AN ACCIDENTAL REWIRING

Turns out our brains are a lot more elastic or plastic than was originally thought.  The old thinking was once you reached a certain age, your brain was, for lack of a better way to say it, set in stone.  The neurons were thought to migrate to predetermined locations in the brain.  Once there, they performed only certain functions.  New research has shown that it is possible to change our brains.  This is good news.  No, really, this is great news. We are no longer necessarily stuck with a brain that does not work for us, and by this I mean that when I accidentally rewired my brain to crave sugar and carbs and other things that are not good for my overall health, I have the ability to change it, to rewire it again.

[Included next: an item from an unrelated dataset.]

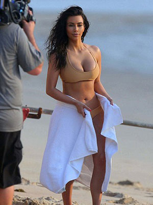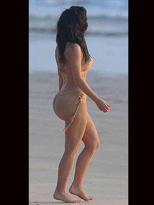 Son dönemde kalçalarına dolgu yaptırdığı iddia edilen Kardashian, ten rengi brezilya kesimi bikinisiyle bu söylentileri de çürütmüş oldu.

After my attack 4 1/2 years ago, to help me feel better, I started eating cupcakes and macaroni and cheese and soft pretzels and rolls and, well, you get the picture.  In 2010, for the most part, I stopped eating bread and pasta.  And even more importantly, I stopped eating most processes sugars.  No coke, no more of my beloved (sad, but true) slurpees, no sweet tarts or jelly beans.  Or if I did have a treat, it was not very often and I never went overboard.  When I was sexually assaulted in September of 2011, that all changed.  I was doing my best to heal and part of that, unfortunately, involved self-soothing, which took the form of eating comfort foods.  Over time, my brain changed, and through the long process of healing and reclaiming my life, I inadvertently created another problem, though it has taken several years for me to completely understand exactly what I did.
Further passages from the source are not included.